We explore this question through the use of a multitude of variables related to mobility and COVID-19 by creating three linear specifications that range in their quantity and type of inputs. These input variables are based on three different types of data, 1) Google’s mobility dataset, 2) state legislation and policies relevant to mobility, and 3) relevant state characteristics to mobility during the pandemic. Data from Google’s mobility dataset consists of comparing different types of mobility within each state each day to its pre-pandemic mobility, such as mobility to retail and recreation locations, grocery stores and pharmacies, and workplaces. State legislation variables are based on the start and end dates of different types of state legislation that limit / inhibit mobility, such as stay-at-home orders and restaurant closures. Last, relevant state characteristics include variables such as population density and political association, both of which are linked to the environment and provide context to the mobility that occured. The output variable, COVID-19 cases per capita (specifically, for every 100,000 people) by state, is used to measure the impact of mobility with respect to COVID-19 transmission. While many different types of COVID-19 measurements could be used, we believe studying case information is best for a non-time series based study, as we perform here. The reason for this is that death, arguably the best alternative statistical measure of COVID-19 transmission, is a lagging measure, meaning that multiple timeframes would have to be used. While it is possible to use multiple timeframes in this study to describe the relationship between the left and right hand side of a model, it is challenging in this case to be certain of the correct time frame to use in the lagging measure. With this in mind, we have opted for a measure that is better suited for a single time frame; COVID-19 cases per capita.

In a time when the federal government has been unable to pronounce decisive action with respect to movement and bipartisan state government views have left the nation concerned, confused, and even at times immobile, it is important to identify the relationship between specific types of movement and COVID-19 cases per capita.

1.1 Data Sources

We conducted this study using data from March 15 to May 15 of 2020 from a multitude of data sources. For COVID-19 case information, we relied upon data from Johns Hopkins, a leader on COVID-19 data especially at the beginning of the pandemic in the United States, available on data.world.
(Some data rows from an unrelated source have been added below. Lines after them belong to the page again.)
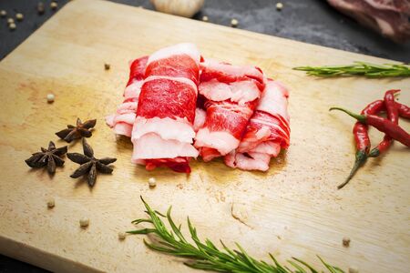 Raw pork belly portions, Marinated rolled pork belly ready for roasting. Selective focus.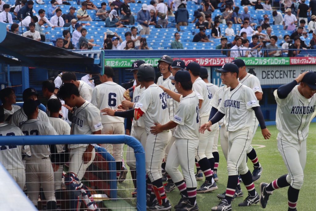 終盤の9回に勝ち越されて絶体絶命のピンチを迎えますが、直後に緒方漣(2年/横浜)が同点ホームランを放ち、試合を振り出しに戻しました。
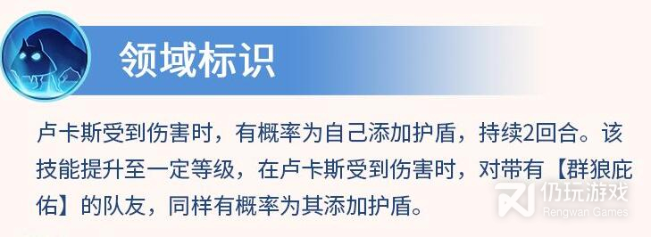 2技能【领域标识】可以在卢卡斯受到伤害时,为自身添加护盾,同时还会对带有狼群庇佑效果的己方队友添加护盾。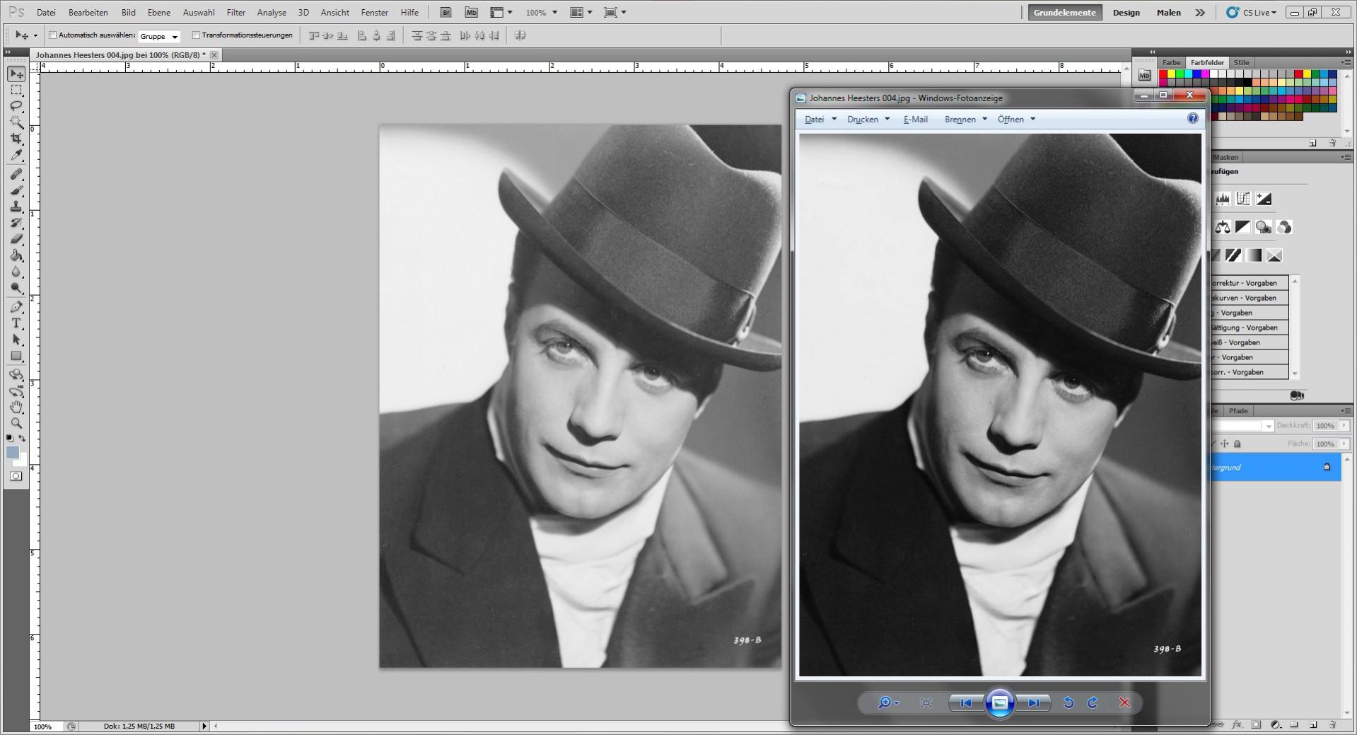 ich rätsel schon seit Wochen an folgendem, für mich völlig unerklärlichem Phänomen: Öffne ich ein ganz normales Bild (in diesem Fall .jpg), dann stellt Photoshop das Bild wesentlich heller dar als es tatsächlich ist. Vergleich siehe Anhang. Ist das normal? Gibt es irgendeine bestimmte Voreinstellung, die so ein Phänomen hervorrufen könnte? Oder woran könnte es liegen?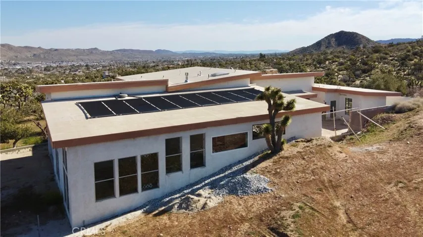 Your resort vacation home awaits. This home is stunning! With 3 bedrooms, 4 bathrooms as well as additional living areas, Oh, and did I mention the indoor solar heated, salt water swimming pool and spa? This home has been family owned from its creation. Split level design for separate spaces for endless options. Create your own private sanctuary or have endless entertaining possibilities. The flow and separate areas will allow for both private and resort style living. This home sits on 2.5 acres. Property is mostly flat and usable, with majestic Joshua Trees as well as other indigenous vegetation. Home has its own private well with Pelican full house filtration system, and an additional well which provides water for the pool and plants. Many well thought-out updates have taken place so the home is move in ready for yourself, and or guests. Updates include; individual mini splits in each bedroom, fresh exterior paint on the eves and fresh fog coat on the house with a fresh scrub/stucco on the exterior retaining walls. Snow coat on roofs 6 years ago with a touch up 1 month ago. New window screens, latches, and glass door locks. A complete remodel of the lower level which adjoins the swimming pool, makes it fully functional for social gatherings and or retreats. Exterior features include an attached 2 car garage as well as additional rustic outbuildings. Bring your horses and toys, the space is here. Plenty of BLM land nearby.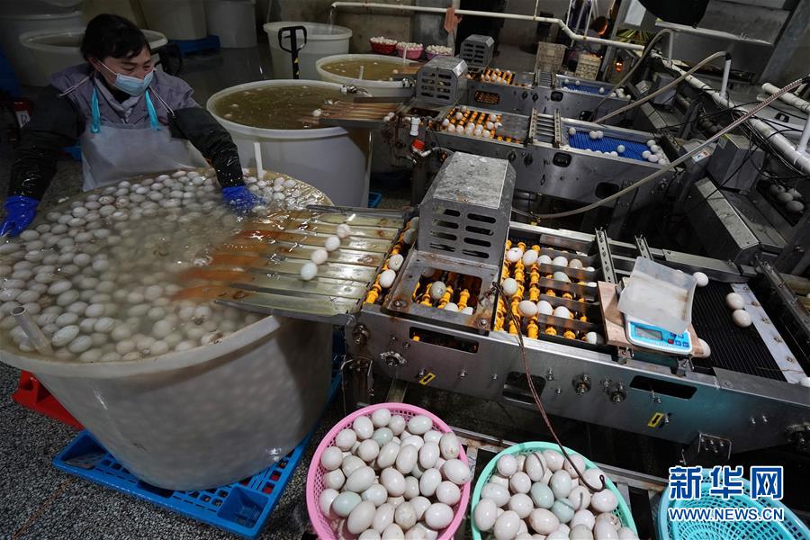 江蘇高郵鴨集團的工作人員在生產車間內清洗分揀鴨蛋(4月15日攝)。“高郵鴨蛋”是江蘇高郵的特色農業(yè)名片。近年來,當?shù)卦诹挤N繁育、生態(tài)養(yǎng)殖、產品加工等方面加大力度,推動高郵鴨蛋品牌化建設,讓小鴨蛋成為帶動農戶致富的大產業(yè)。2019年,高郵市共計生產熟制鴨蛋產品近11.2億枚,年產值近17.68億元。新華社記者韓瑜慶攝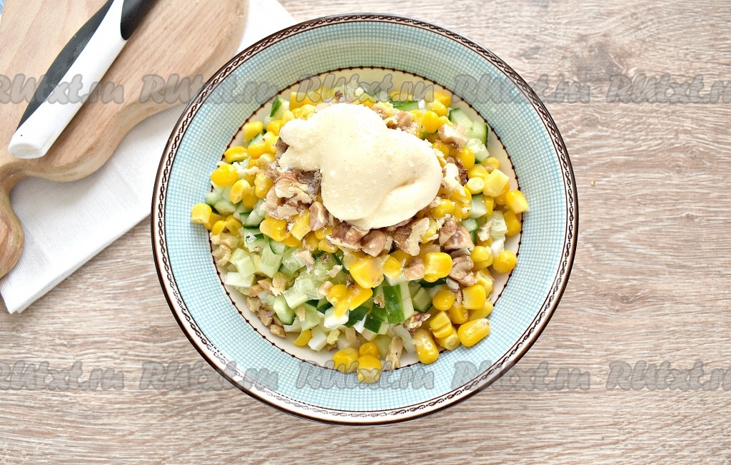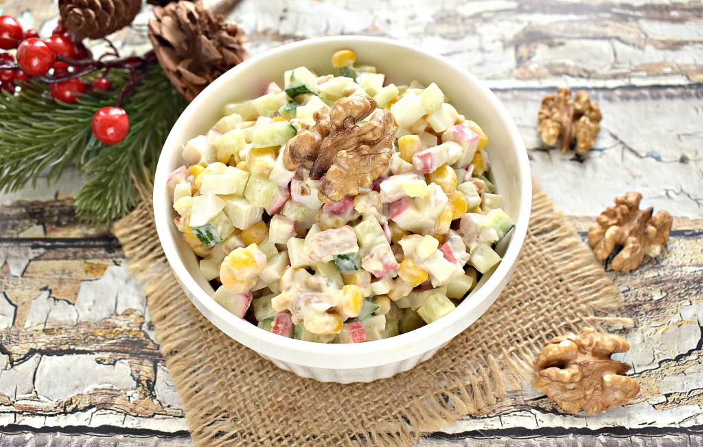 Вкусный, яркий салат с крабовыми палочками и грецкими орехами готов, можно его сразу выставлять на стол.

As stated in the introduction, this is a per capita metric, with cases in this study meaning the total number of cases per 100,000 people from March 15 to May 15, 2020. This was calculated by subtracting the total number of cases per 100,000 people up until March 15 from the total number of cases up until May 15. In general, this is a very clean dataset with very little missing data.

Google’s mobility dataset provides state mobility data to specific types of locations in reference to a baseline that was taken between January 3 and February 6, 2020 for each state. While this is in general a very clean dataset, there are some minor gaps in time in some states that minorly impact the credibility of this dataset in what we consider to be a negligible measure. We take the average of each state’s mobility during the March 15 - May 15 time frame to determine the mobility to each type of location. It is important to note that mobility to certain locations, such as parks, may vary significantly in some states between baseline timeframe and the study’s timeframe.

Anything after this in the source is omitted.